Since the get go, Sanjeev Kumar’s character lies. Even when there’s no reason to. As a poet, it’s surprising to see Ranjeet have such little respect for the words he utters. When he first meets Nirmala, he tells her that he has an ailing wife back home to gain her sympathy. This kickstarts their romance as well as his long list of lies. To keep his double life going, Ranjeet begins to lie to his dutiful wife who awaits him back home at precisely 5 pm everyday. He also constantly lies to Nirmala about his supposedly bed-ridden wife. What’s weirdly fascinating is the sheer joy Ranjeet gets out of getting away with his lies.

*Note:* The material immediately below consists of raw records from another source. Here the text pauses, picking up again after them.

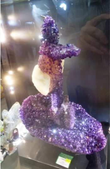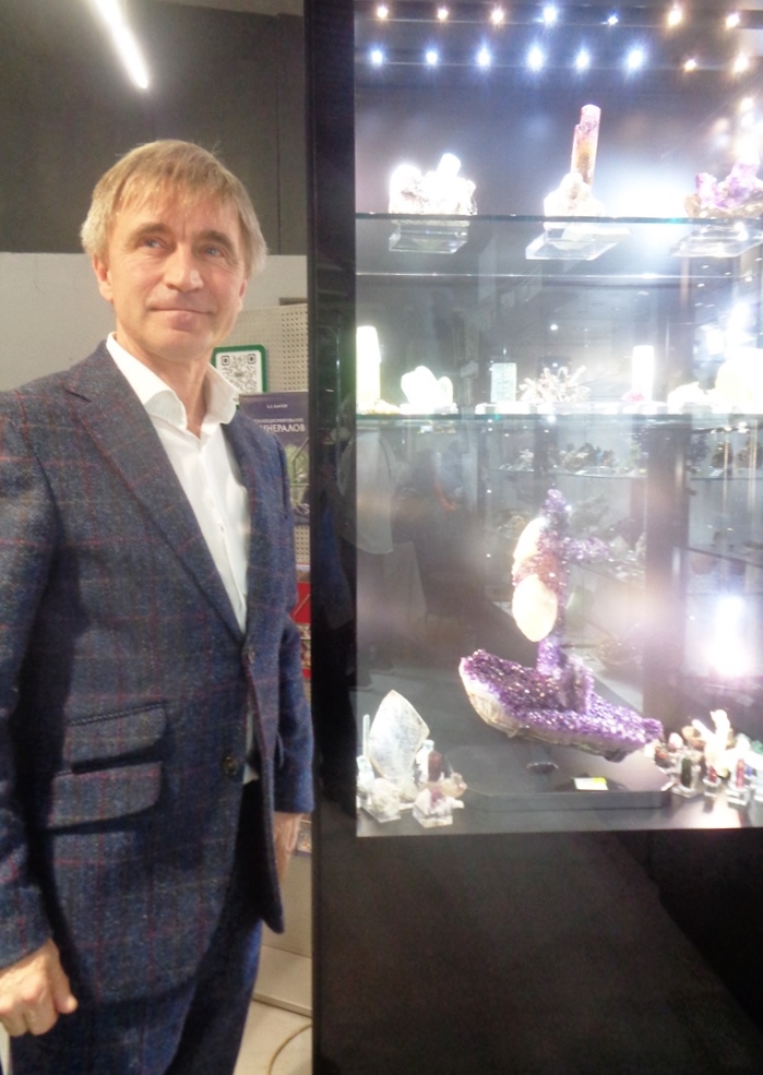 1. Михаил Аносов у витрины компании "Русские минералы " 2025.10.04. Выставочный центр «Ивент-холл Даниловский» . 2. Аметист, кальцит. Артигас, Уругвай. Образец: "Русские минералы". Фото 1-2: © А. Евсеев
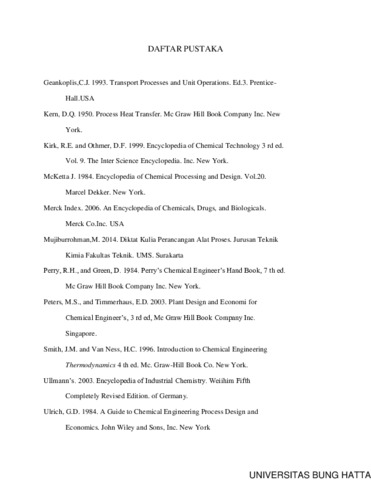 KHOIRUNNISA, KHOIRUNNISA and Firdaus, Firdaus and Elmi, Sundari (2021) PRARANCANGAN PABRIK ETILEN GLIKOL DARI ETILEN OKSIDA DAN AIR DENGAN KAPASITAS 350.000 TON/TAHUN. Diploma thesis, Universitas Bung Hatta.
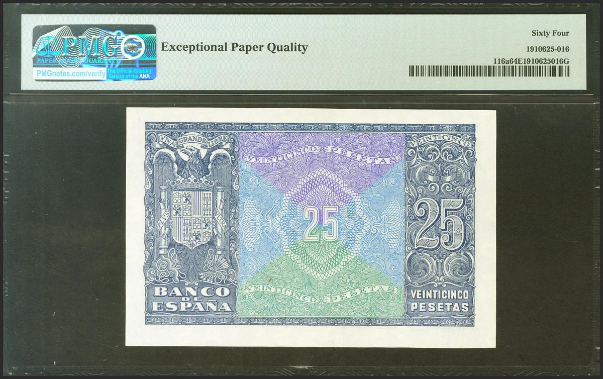 25 Pesetas. 9 de Enero de 1940. Serie D. (Edifil 2021: 436a). Inusual en esta excepcional calidad, apresto original. SC. Encapsulado PMG64EPQ.
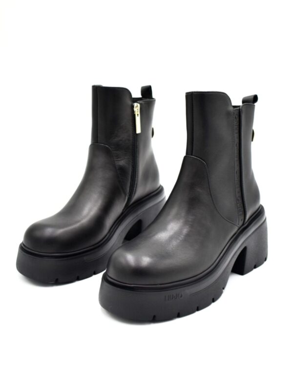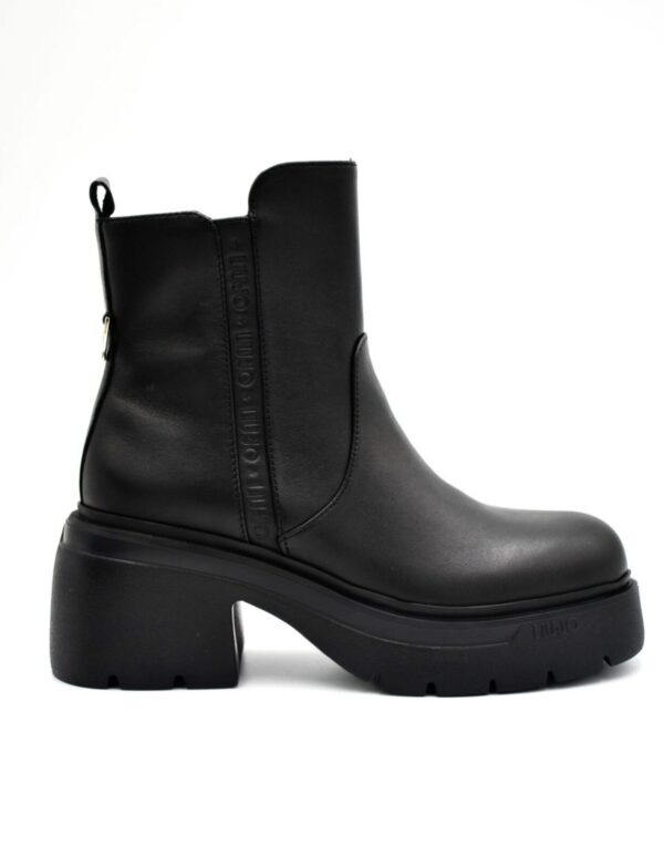 Na boku cholewki znajduje się tłoczone logo Liu Jo w czarnym kolorze, które subtelnie nawiązuje do charakterystycznego stylu marki. Z kolei z tyłu umieszczono ozdobne taśmy z napisem „Liu Jo”, nadające butom sportowej energii. Gumowa podeszwa z głębokim bieżnikiem nie tylko zwiększa przyczepność, ale także zapewnia stabilność i bezpieczeństwo podczas chodzenia po śliskich powierzchniach.
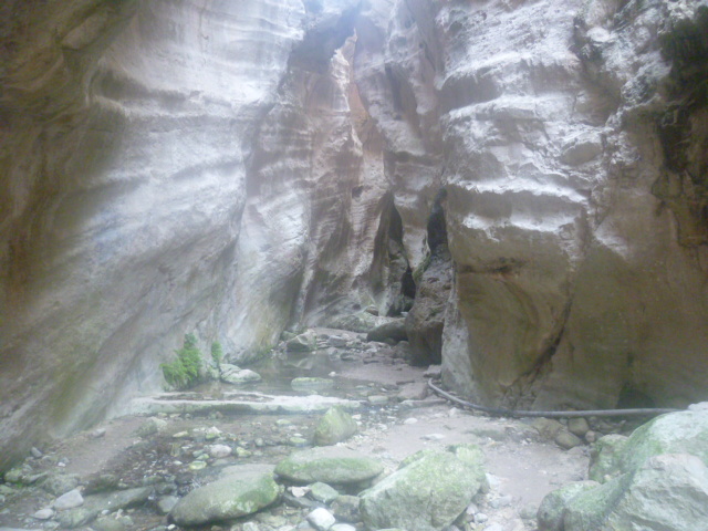 The walk through the gorge should take just under two hours – from the point at which you climb the stone steps at the start to arriving at the top of the hill at the head of the gorge. It’s difficult to be precise on this as much will depend on your skills in orienting yourself around mud, across water, over boulders and through bushes. You may also get briefly led astray by promising-looking goat paths which flatter to deceive! The basic path lies only in the bed of the ravine – sometimes on the left of the water and other times on the right.

Eventually one day, Sharda discovers a lipstick stain on Ranjeet’s handkerchief. To disprove her suspicions, Ranjeet plans an elaborate ruse by preparing a fake version of his personal diary in which he writes fake poetry about being committed to Sharda. All is temporarily settled until Sharda begins to doubt his excuses more and more. Eventually, her suspicions are proved right when she spots Ranjeet with Nirmala in a garden. But the mess doesn’t end there. Upon being confronted by his wife Sharda, Ranjeet’s instinct is to lie in increasingly more ways to cover up for the damage that he’s done.
For Ranjeet, the whole thing is just a light-hearted (but elaborate) performance of sorts. He seems to live by an impromptu script written for his own pleasure. His determination to deceive and exploit the trust of those who love him knows no bounds. And his theatrical props include cheesy, well-scripted dialogues that seem a little out of place in the film’s everyday life setup (or is that just how they spoke in 1978?)
Naturally, Pati Patni Aur Woh is loaded with normalised patriarchal themes. Sanjeev Kumar’s character, despite its faults, is a subtle reaffirmation of the ‘boys will be boys’ sentiment. His morally bankrupt masculine behaviour is unabashedly glorified, and the women are reduced to objects - or pawns - in a story that’s only about him. In fact, even the onus of fixing his wrongdoings is put on the women in the film. For example, when Sharda realises the extent of his lies, she wants to leave but doesn’t because she feels responsible for being the one that breaks up their family. She is portrayed as selfish for wanting to choose herself over the possibility of a traditional Indian family. She ends up staying back in the marriage and the couple goes back to pretending like nothing ever happened. The last scene hints at a new adulterous romance between Sanjeev Kumar’s character and his new assistant.
He convinces you that his tricks are harmless and entertaining, but only if you’re willing to give up your sincerity - a sacrifice I was all too willing to make. But will I be able to do the same when the infamous Kartik Aaryan remake of this film comes out? Probably not.